Data excerpts:
..............................

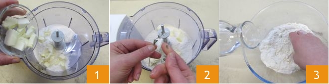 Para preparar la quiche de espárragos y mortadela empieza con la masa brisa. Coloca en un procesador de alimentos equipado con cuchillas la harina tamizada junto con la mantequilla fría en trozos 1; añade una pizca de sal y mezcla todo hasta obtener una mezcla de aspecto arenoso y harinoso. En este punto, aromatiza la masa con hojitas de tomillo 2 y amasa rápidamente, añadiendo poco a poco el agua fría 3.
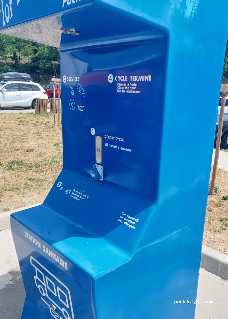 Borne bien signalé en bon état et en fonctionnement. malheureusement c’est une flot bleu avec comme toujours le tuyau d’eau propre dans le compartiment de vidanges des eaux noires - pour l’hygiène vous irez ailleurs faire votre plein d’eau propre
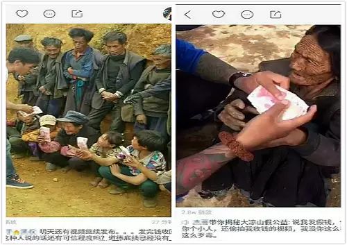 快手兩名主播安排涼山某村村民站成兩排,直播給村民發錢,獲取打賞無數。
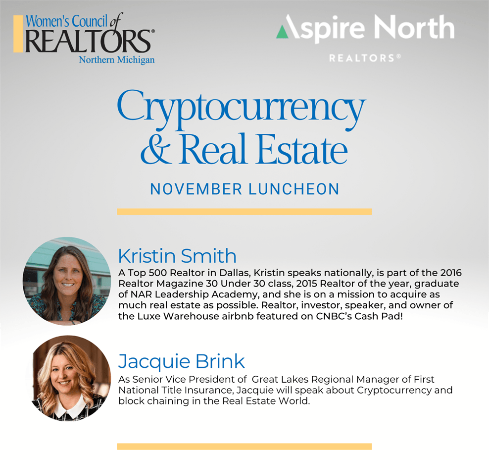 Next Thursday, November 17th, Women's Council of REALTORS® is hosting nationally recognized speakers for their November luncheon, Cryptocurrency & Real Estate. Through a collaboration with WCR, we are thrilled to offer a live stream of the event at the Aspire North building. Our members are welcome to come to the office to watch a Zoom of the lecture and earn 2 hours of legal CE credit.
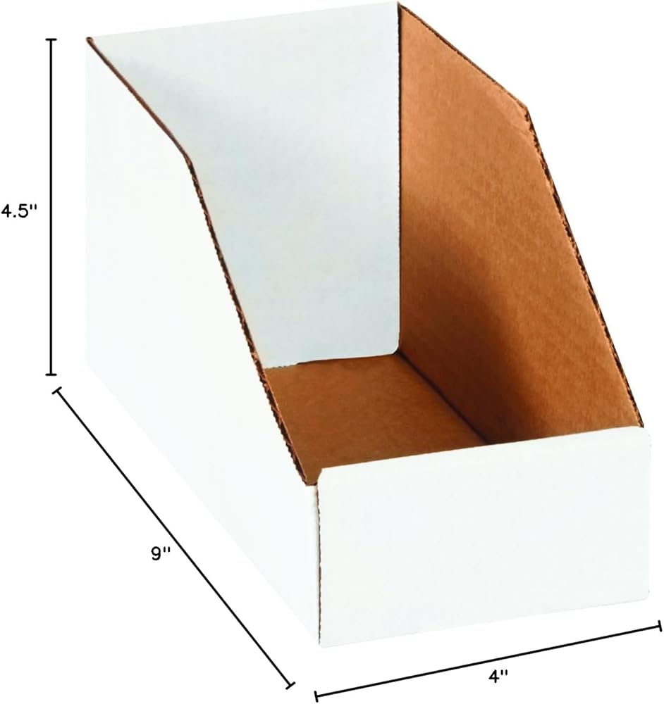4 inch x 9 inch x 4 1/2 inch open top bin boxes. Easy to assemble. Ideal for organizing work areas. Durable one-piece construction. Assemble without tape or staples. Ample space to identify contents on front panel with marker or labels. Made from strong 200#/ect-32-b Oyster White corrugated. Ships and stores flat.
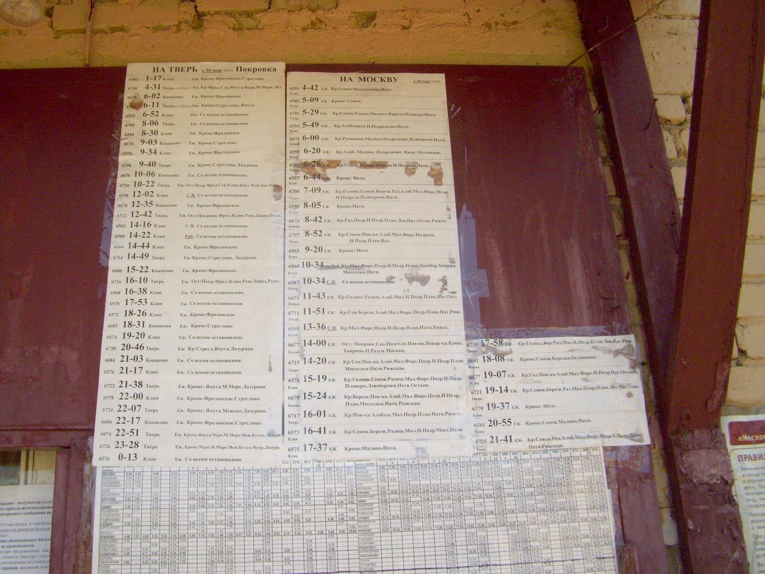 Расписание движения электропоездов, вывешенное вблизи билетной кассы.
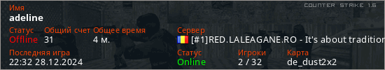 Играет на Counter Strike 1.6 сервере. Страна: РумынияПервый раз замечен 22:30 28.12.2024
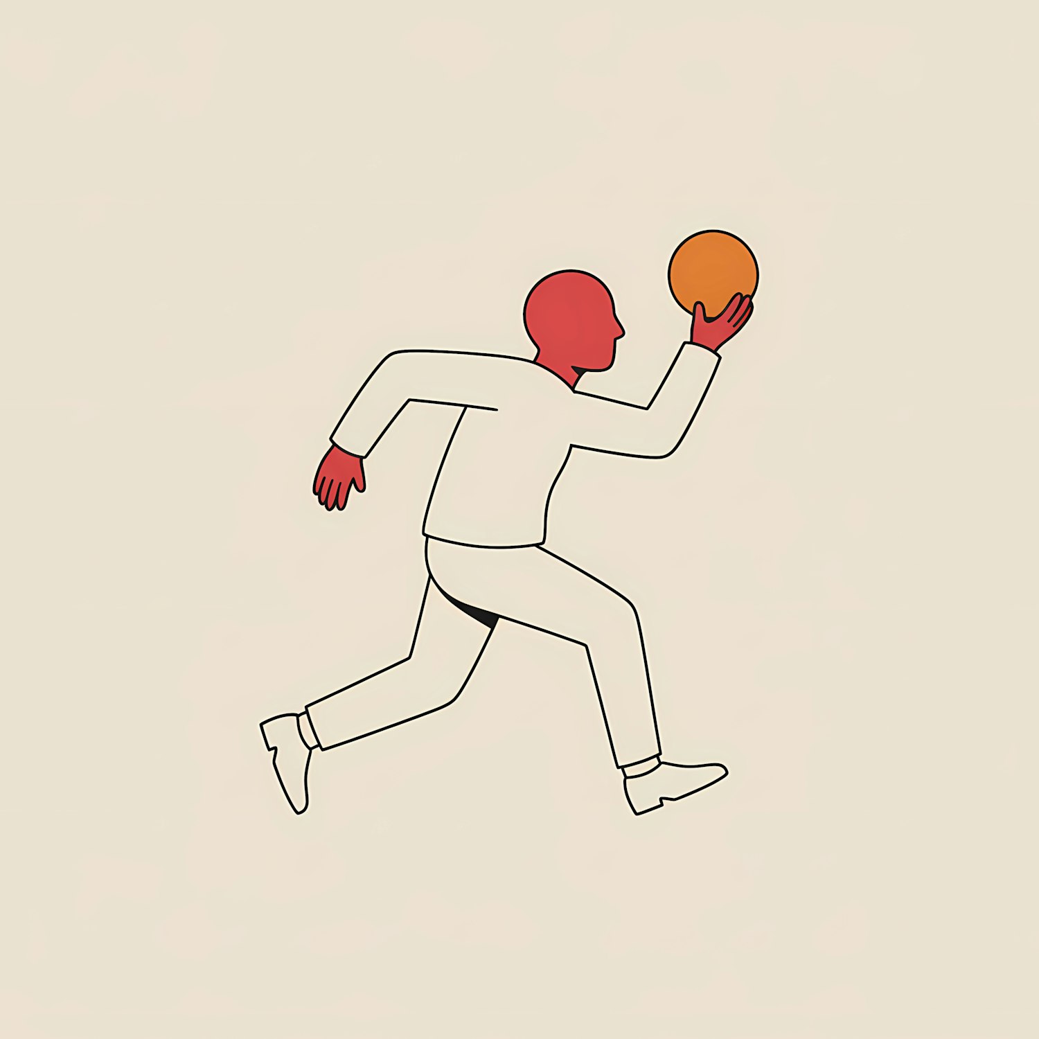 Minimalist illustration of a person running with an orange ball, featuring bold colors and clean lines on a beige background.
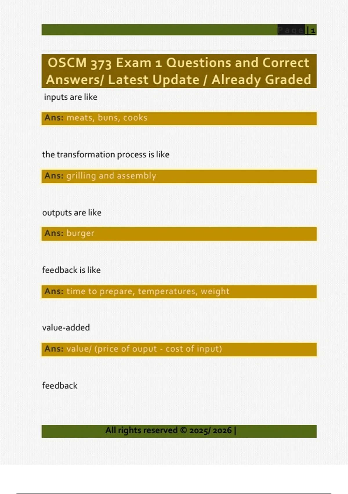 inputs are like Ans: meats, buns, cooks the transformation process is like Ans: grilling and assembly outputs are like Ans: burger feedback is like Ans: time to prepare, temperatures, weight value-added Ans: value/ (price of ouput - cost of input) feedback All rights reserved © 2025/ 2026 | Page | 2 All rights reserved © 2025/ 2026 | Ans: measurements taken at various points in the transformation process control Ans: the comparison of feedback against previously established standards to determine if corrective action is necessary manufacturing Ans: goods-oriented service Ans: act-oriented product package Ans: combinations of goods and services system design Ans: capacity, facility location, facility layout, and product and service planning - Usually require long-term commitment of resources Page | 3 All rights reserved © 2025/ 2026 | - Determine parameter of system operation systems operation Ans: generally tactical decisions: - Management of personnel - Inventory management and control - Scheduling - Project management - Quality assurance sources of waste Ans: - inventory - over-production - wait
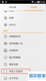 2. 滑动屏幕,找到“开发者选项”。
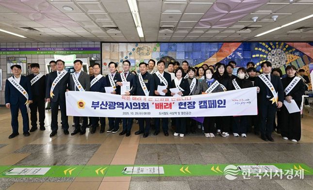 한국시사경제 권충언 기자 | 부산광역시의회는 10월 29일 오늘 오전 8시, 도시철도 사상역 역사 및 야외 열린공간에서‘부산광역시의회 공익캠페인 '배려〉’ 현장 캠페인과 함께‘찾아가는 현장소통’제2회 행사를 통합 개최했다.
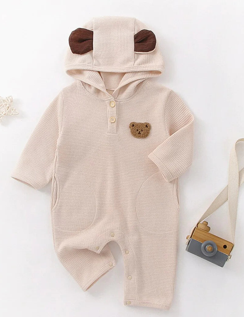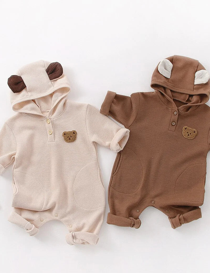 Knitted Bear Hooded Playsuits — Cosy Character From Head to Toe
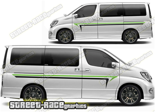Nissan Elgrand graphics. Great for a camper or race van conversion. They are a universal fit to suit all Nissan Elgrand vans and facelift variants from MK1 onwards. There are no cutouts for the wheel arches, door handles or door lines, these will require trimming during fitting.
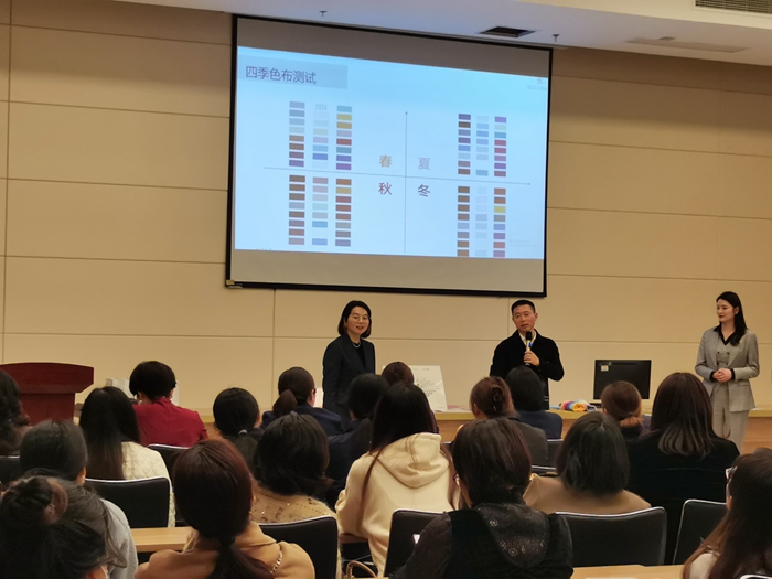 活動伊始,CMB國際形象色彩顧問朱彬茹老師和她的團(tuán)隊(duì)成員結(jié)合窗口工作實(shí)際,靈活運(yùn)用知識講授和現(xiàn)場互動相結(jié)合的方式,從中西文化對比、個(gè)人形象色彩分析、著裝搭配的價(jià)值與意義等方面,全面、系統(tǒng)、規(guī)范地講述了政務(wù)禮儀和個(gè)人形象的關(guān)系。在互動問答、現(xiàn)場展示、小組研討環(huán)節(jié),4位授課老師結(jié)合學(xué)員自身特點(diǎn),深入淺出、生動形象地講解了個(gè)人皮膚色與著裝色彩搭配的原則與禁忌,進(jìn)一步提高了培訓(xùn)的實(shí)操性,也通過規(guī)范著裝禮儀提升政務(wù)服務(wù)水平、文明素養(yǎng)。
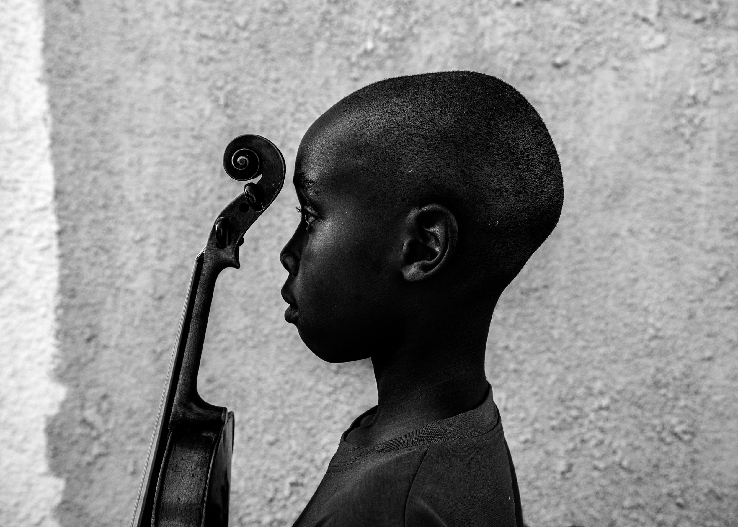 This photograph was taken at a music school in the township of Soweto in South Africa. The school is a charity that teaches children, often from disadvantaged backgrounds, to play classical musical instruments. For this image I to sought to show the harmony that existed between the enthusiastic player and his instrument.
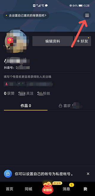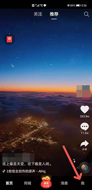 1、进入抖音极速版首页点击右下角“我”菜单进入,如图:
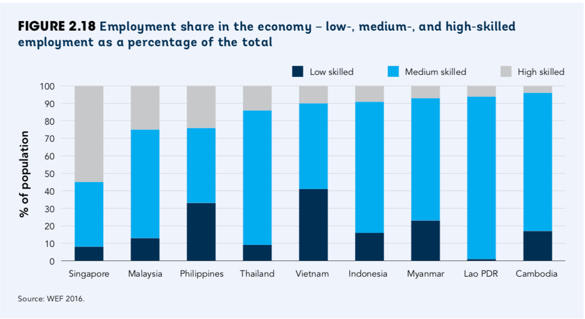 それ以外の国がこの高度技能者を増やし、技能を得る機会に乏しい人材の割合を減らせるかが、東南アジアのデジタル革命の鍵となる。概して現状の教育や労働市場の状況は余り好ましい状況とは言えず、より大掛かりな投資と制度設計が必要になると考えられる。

..............................

▶ _PROBLEM STATEMENT_
Retype the data above exactly. Do not carry over any images.

▶ _ANSWER TO THIS TASK_
 Para preparar la quiche de espárragos y mortadela empieza con la masa brisa. Coloca en un procesador de alimentos equipado con cuchillas la harina tamizada junto con la mantequilla fría en trozos 1; añade una pizca de sal y mezcla todo hasta obtener una mezcla de aspecto arenoso y harinoso. En este punto, aromatiza la masa con hojitas de tomillo 2 y amasa rápidamente, añadiendo poco a poco el agua fría 3.
 Borne bien signalé en bon état et en fonctionnement. malheureusement c’est une flot bleu avec comme toujours le tuyau d’eau propre dans le compartiment de vidanges des eaux noires - pour l’hygiène vous irez ailleurs faire votre plein d’eau propre
 快手兩名主播安排涼山某村村民站成兩排,直播給村民發錢,獲取打賞無數。
 Next Thursday, November 17th, Women's Council of REALTORS® is hosting nationally recognized speakers for their November luncheon, Cryptocurrency & Real Estate. Through a collaboration with WCR, we are thrilled to offer a live stream of the event at the Aspire North building. Our members are welcome to come to the office to watch a Zoom of the lecture and earn 2 hours of legal CE credit.
4 inch x 9 inch x 4 1/2 inch open top bin boxes. Easy to assemble. Ideal for organizing work areas. Durable one-piece construction. Assemble without tape or staples. Ample space to identify contents on front panel with marker or labels. Made from strong 200#/ect-32-b Oyster White corrugated. Ships and stores flat.
 Расписание движения электропоездов, вывешенное вблизи билетной кассы.
 Играет на Counter Strike 1.6 сервере. Страна: РумынияПервый раз замечен 22:30 28.12.2024
 Minimalist illustration of a person running with an orange ball, featuring bold colors and clean lines on a beige background.
 inputs are like Ans: meats, buns, cooks the transformation process is like Ans: grilling and assembly outputs are like Ans: burger feedback is like Ans: time to prepare, temperatures, weight value-added Ans: value/ (price of ouput - cost of input) feedback All rights reserved © 2025/ 2026 | Page | 2 All rights reserved © 2025/ 2026 | Ans: measurements taken at various points in the transformation process control Ans: the comparison of feedback against previously established standards to determine if corrective action is necessary manufacturing Ans: goods-oriented service Ans: act-oriented product package Ans: combinations of goods and services system design Ans: capacity, facility location, facility layout, and product and service planning - Usually require long-term commitment of resources Page | 3 All rights reserved © 2025/ 2026 | - Determine parameter of system operation systems operation Ans: generally tactical decisions: - Management of personnel - Inventory management and control - Scheduling - Project management - Quality assurance sources of waste Ans: - inventory - over-production - wait
 2. 滑动屏幕,找到“开发者选项”。
 한국시사경제 권충언 기자 | 부산광역시의회는 10월 29일 오늘 오전 8시, 도시철도 사상역 역사 및 야외 열린공간에서‘부산광역시의회 공익캠페인 '배려〉’ 현장 캠페인과 함께‘찾아가는 현장소통’제2회 행사를 통합 개최했다.
 Knitted Bear Hooded Playsuits — Cosy Character From Head to Toe
Nissan Elgrand graphics. Great for a camper or race van conversion. They are a universal fit to suit all Nissan Elgrand vans and facelift variants from MK1 onwards. There are no cutouts for the wheel arches, door handles or door lines, these will require trimming during fitting.
 活動伊始,CMB國際形象色彩顧問朱彬茹老師和她的團(tuán)隊(duì)成員結(jié)合窗口工作實(shí)際,靈活運(yùn)用知識講授和現(xiàn)場互動相結(jié)合的方式,從中西文化對比、個(gè)人形象色彩分析、著裝搭配的價(jià)值與意義等方面,全面、系統(tǒng)、規(guī)范地講述了政務(wù)禮儀和個(gè)人形象的關(guān)系。在互動問答、現(xiàn)場展示、小組研討環(huán)節(jié),4位授課老師結(jié)合學(xué)員自身特點(diǎn),深入淺出、生動形象地講解了個(gè)人皮膚色與著裝色彩搭配的原則與禁忌,進(jìn)一步提高了培訓(xùn)的實(shí)操性,也通過規(guī)范著裝禮儀提升政務(wù)服務(wù)水平、文明素養(yǎng)。
 This photograph was taken at a music school in the township of Soweto in South Africa. The school is a charity that teaches children, often from disadvantaged backgrounds, to play classical musical instruments. For this image I to sought to show the harmony that existed between the enthusiastic player and his instrument.
 1、进入抖音极速版首页点击右下角“我”菜单进入,如图:
 それ以外の国がこの高度技能者を増やし、技能を得る機会に乏しい人材の割合を減らせるかが、東南アジアのデジタル革命の鍵となる。概して現状の教育や労働市場の状況は余り好ましい状況とは言えず、より大掛かりな投資と制度設計が必要になると考えられる。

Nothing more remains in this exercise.